Валгалла Константина Случевского или вечный дебют

Отчаянье Вяземского, его филиппики в адрес "злопамятливого Бога", Бога - "палача" ("Все сверстники мои давно уж на покое...", "Свой катехизис сплошь прилежно изуча...") в какой-то мере разделял и его друг, Ф.И. Тютчев, писавший в 1873 г., незадолго до смерти: "Все отнял у меня казнящий Бог".

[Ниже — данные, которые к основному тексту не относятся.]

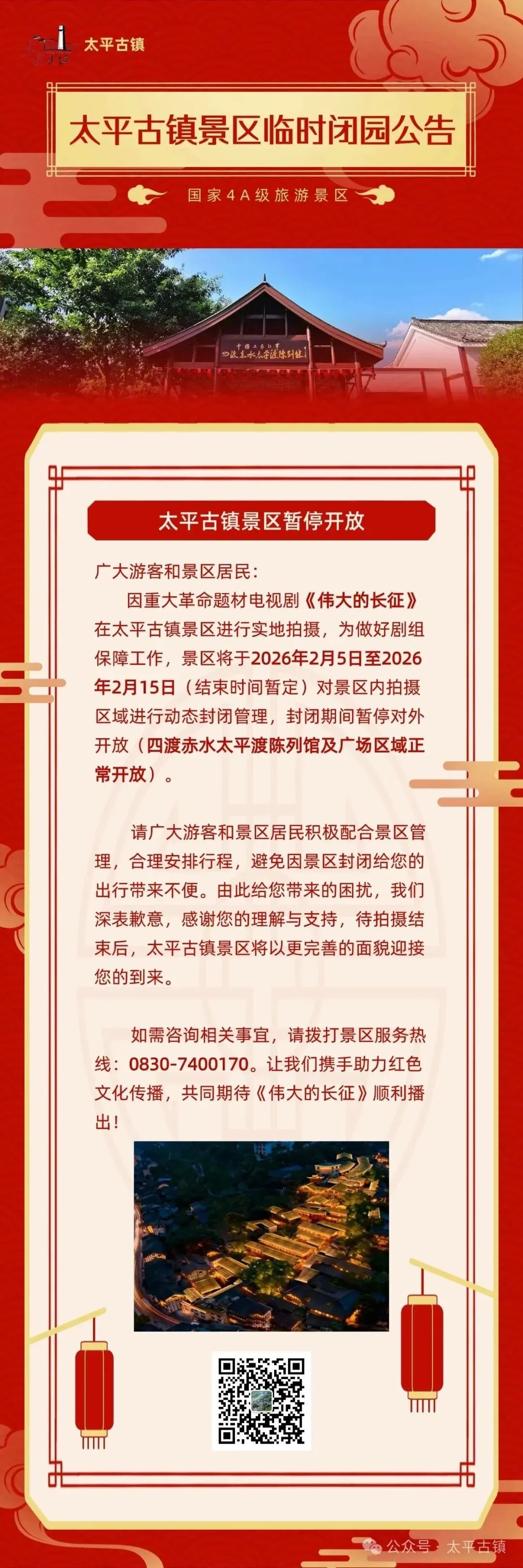 太平古镇景区,临时闭园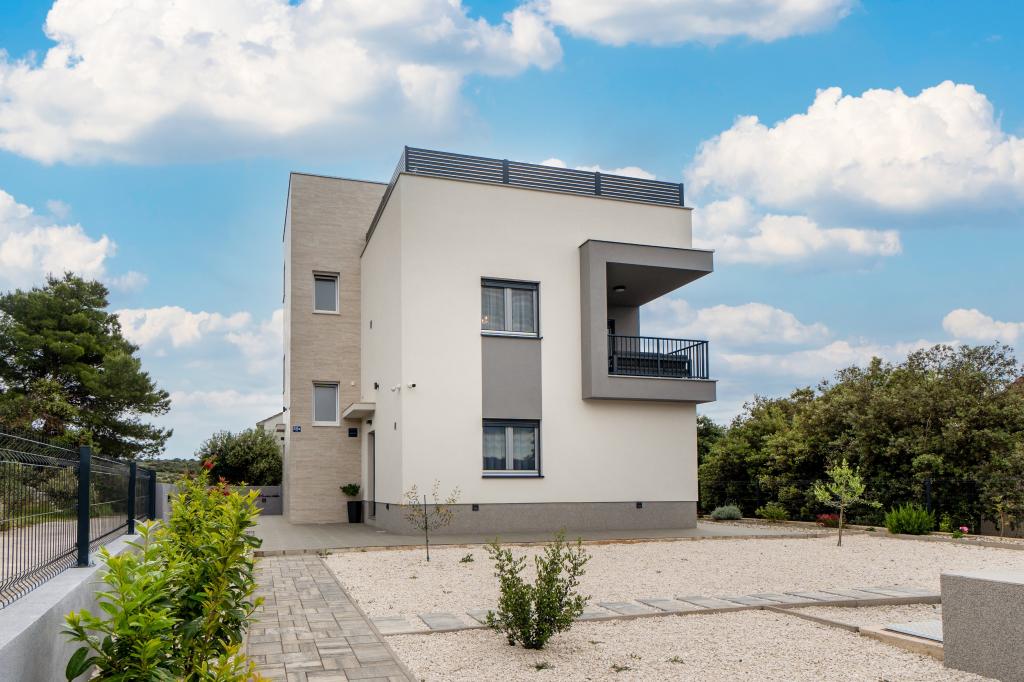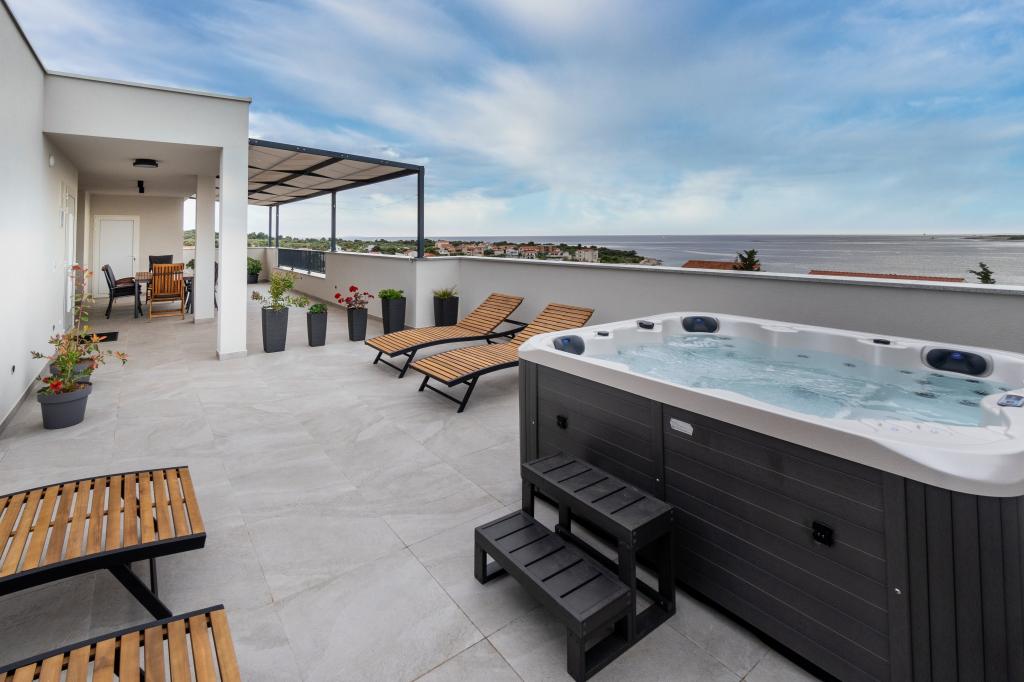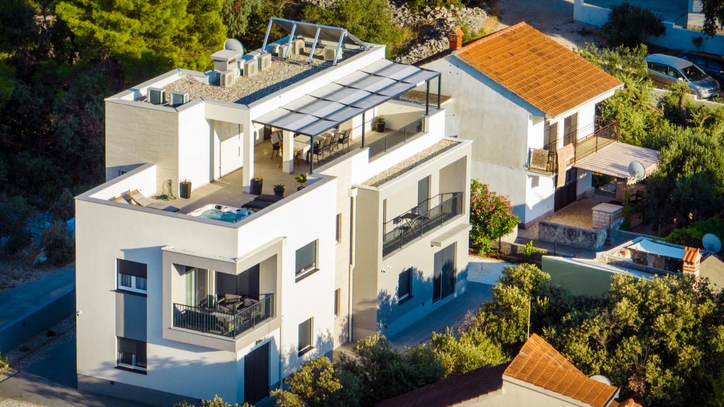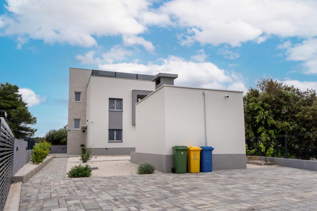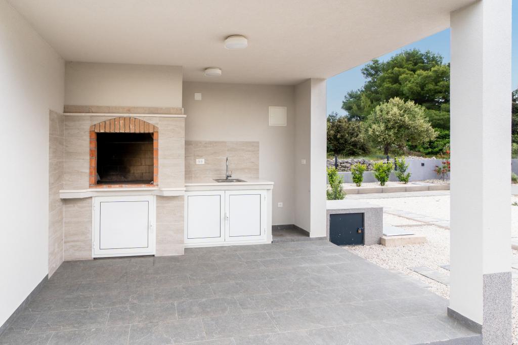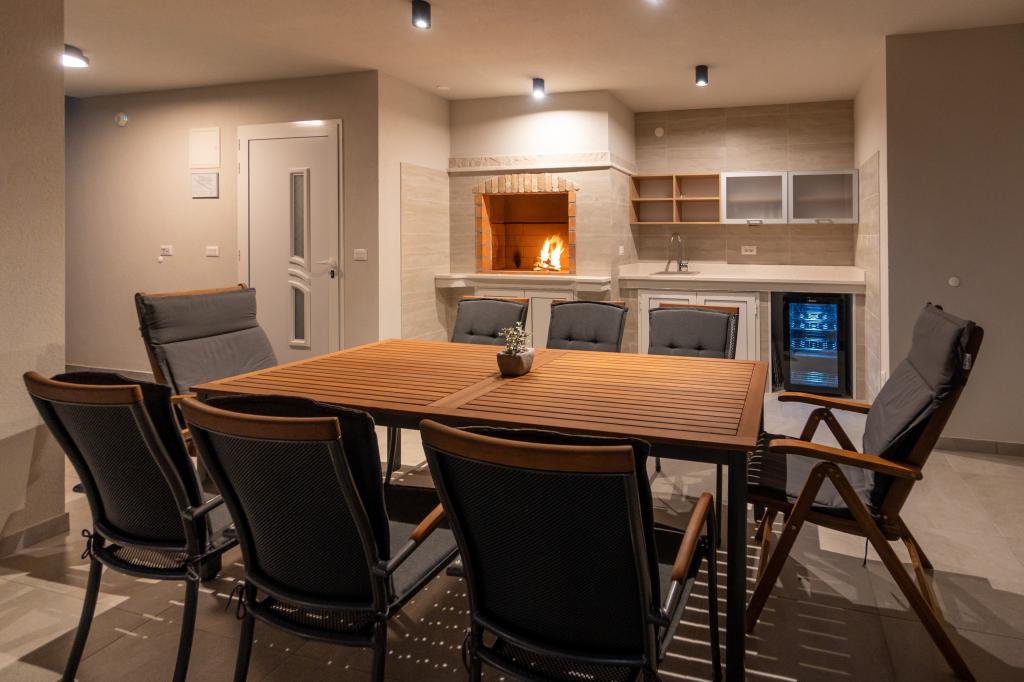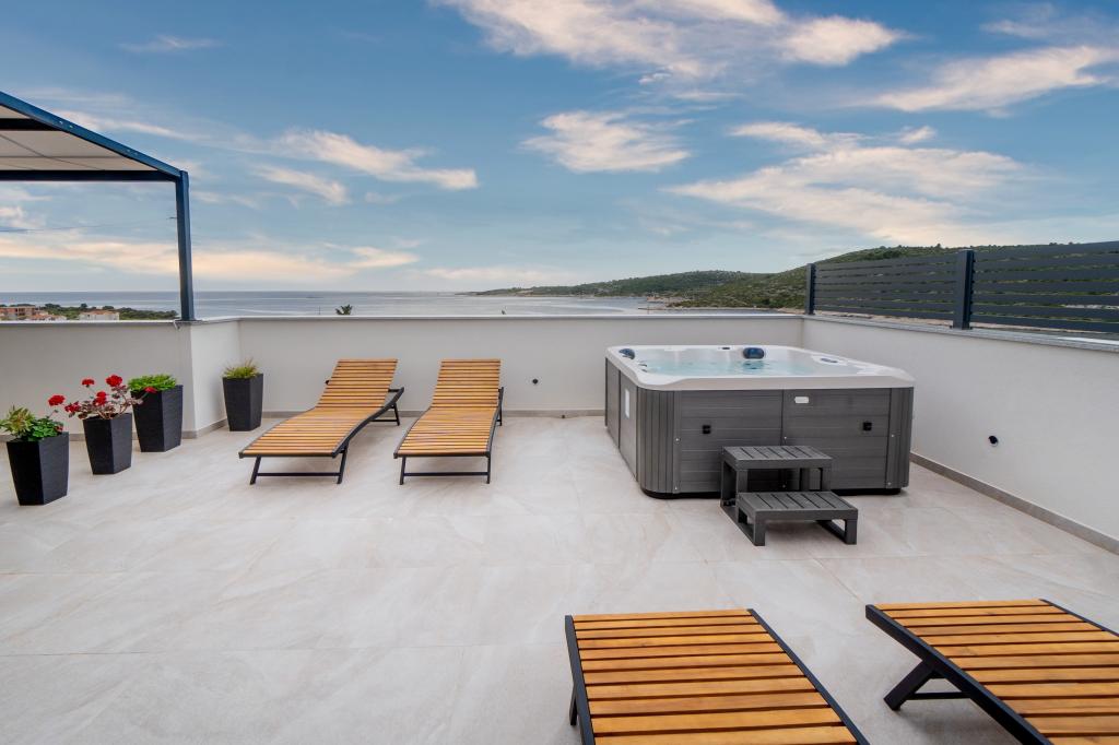 New facility. Enjoy with your family in this modern accommodation with beautiful sunsets and sea view. Quiet neighborhood. Two apartments that are rented as a whole. On the ground floor there is a studio apartment consisting of a kitchen, a bathroom and a room with a double bed, there is also an extra bed in the living room. On the first floor there is a large apartment consisting of a kitchen, a living room, a balcony with garden furniture ideal for morning coffee, two rooms with a double bed and one room with two separate beds that can be connected if necessary. This apartment has two bathrooms, one of which is part of the room and one toilet. On the second floor of the building, there is a large terrace with a view of the entire place and a hydromassage tub for 5 people, deckchairs for sunbathing, barbecue, summer kitchen and table and chairs. There is also a smaller covered facility outside with a barbecue and a table and benches.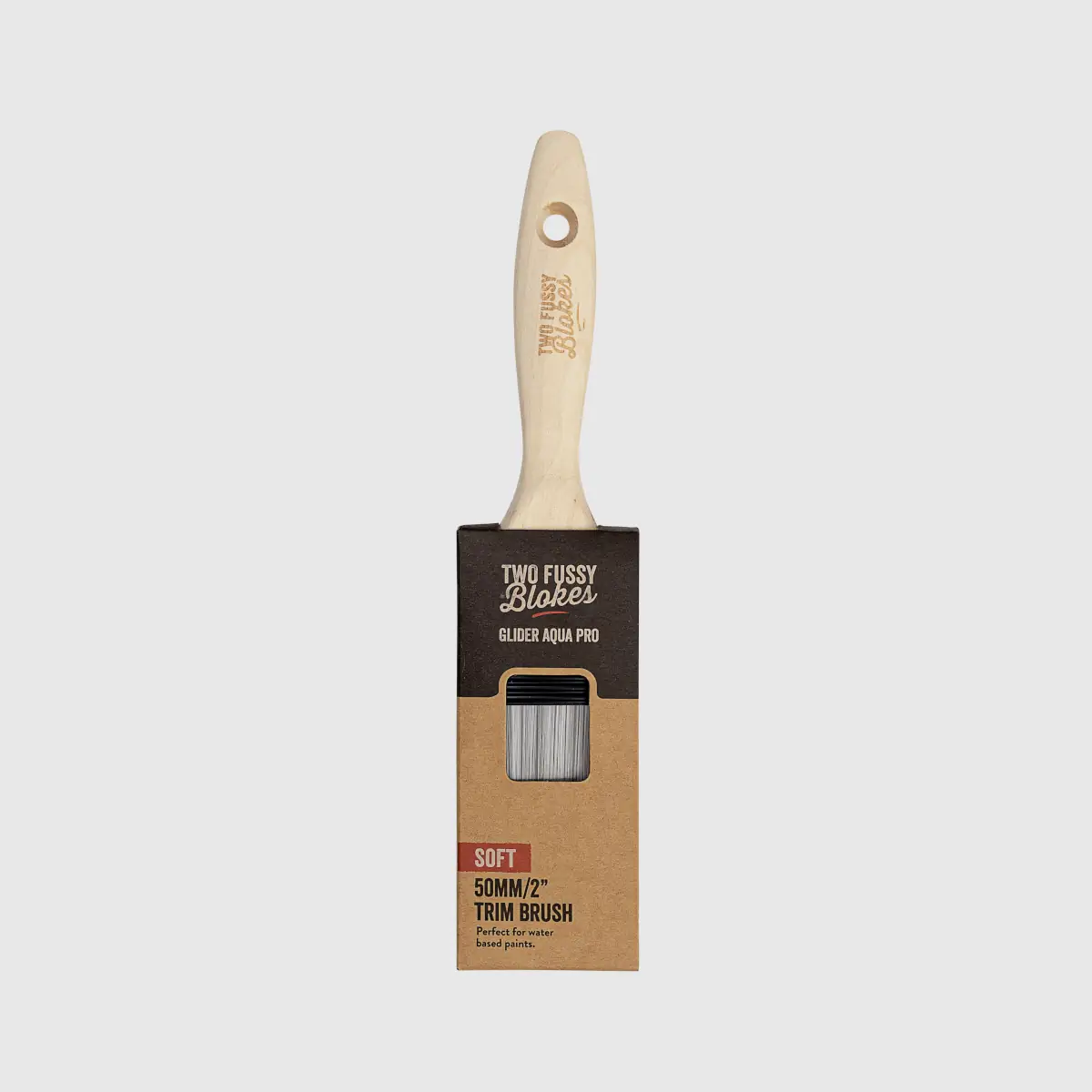 De Two Fussy Blokes Glider Aqua Pro Trim verfkwast soft biedt precisie en controle voor een perfect afgewerkte trim. De zachte, gespleten haren zorgen voor een streeploze applicatie en zijn ideaal voor watergedragen verven. Perfect voor professioneel en d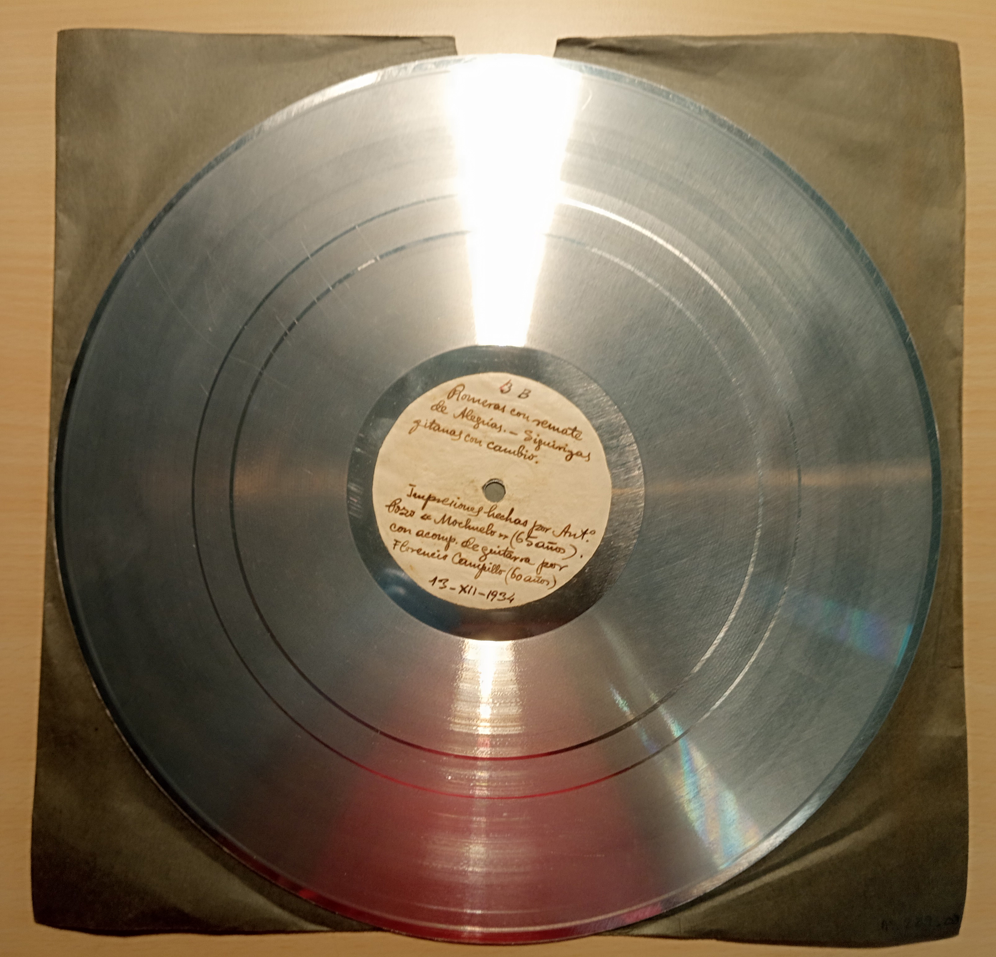 Descripción física: Disco de aluminio. La etiqueta pegada en el disco está manuscrita: " 3B. Romeras con remate de alegrías-Siguiriyas gitanas con cambio. Impresiones hechas por Antonio Pozo " El Mochuelo" (65 años) con acompañamiento de guitarra por Florencio Campillo (60 años) (13-XII-1934). Aunque las grabaciones se corresponden con discursos.
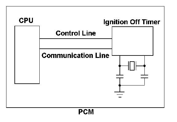 The powertrain control module (PCM) has a built-in ignition off timer that measures the duration of time from ignition off to the next ignition on. The measured duration is used for evaporative emission (EVAP) leak detection and temperature assumption of the catalytic converter. The CPU in the PCM accesses the ignition off timer when reading the measured duration. If the access process fails, a malfunction is detected and a DTC is stored. When an abnormality is found in the read data, the PCM detects a malfunction and stores a DTC.

Если, говоря о Случевском, о Вяземском почти не вспоминали, то с Тютчевым сравнивали не раз, хотя в их мироощущении также существует несомненная разница. Достаточно обратить внимание на два стихотворения: тютчевское "День и ночь" и Случевского "Ночь и день", заглавия которых уже полемичны по отношению друг другу. Для Тютчева человек лишь внешне, дневной суетой отделен от мрачных мировых бездн, но стоит отступить дню - "другу человеков и богов" (как примечательно тут дышащее язычеством множественное число - "богов") - и беззащитная душа с тоской и ужасом оказывается один на один с темной стихией хаоса. Отдавая дань уважения тем, кто и "В страшном раздвоенье, // В котором жить нам суждено", в "век отчаянных сомнений", в "век, неверием больной" ("Памяти М.К. Политковской", 1872), сохранил веру, поэт сам сознает, что "эта вера для немногих" ("А.В. Пл<етне>вой"), что его собтвенная душа немеет перед "великой тайною загробной". Тоска тютчевской души, трепещущей в сомнениях "на пороге // Как бы двойного бытия", знакома Случевскому:

Может быть, что между днем и ночью,
Не во сне, но у пределов сна,
По путям молитв, идущих к Богу,
Скорбь земли за далью не слышна!

Именно через Случевского, с его "Богиней Тоски", проходит это тютчевская линия ("Тоска составляла как бы основной тон всей его поэзии и всего нравственного существа",  - писал о Тютчеве И.С. Аксаков) к "Моей Тоске" и другим стихотворениям на эту же тему Ин. Анненского, влияние на которого Случевского заметил еще М. Волошин с своих "Ликах творчества". Но вера чаще всего смягчает у Случевского эту тоску, превращая ее или в спокойную печаль религиозного человека по поводу этого несовершенного, но преходящего мира, или в страстную убежденность, что все ужасы ночи словно призраки мгновенно рассеиваются при первых лучах солнца, ибо это солнце веры, чьи лучи, как маленькие воины, храбро сражаются с тьмой, пролагая дорогу Тому, Кто один есть свет и путь для человека, заблудившегося во мраке ночи неверия.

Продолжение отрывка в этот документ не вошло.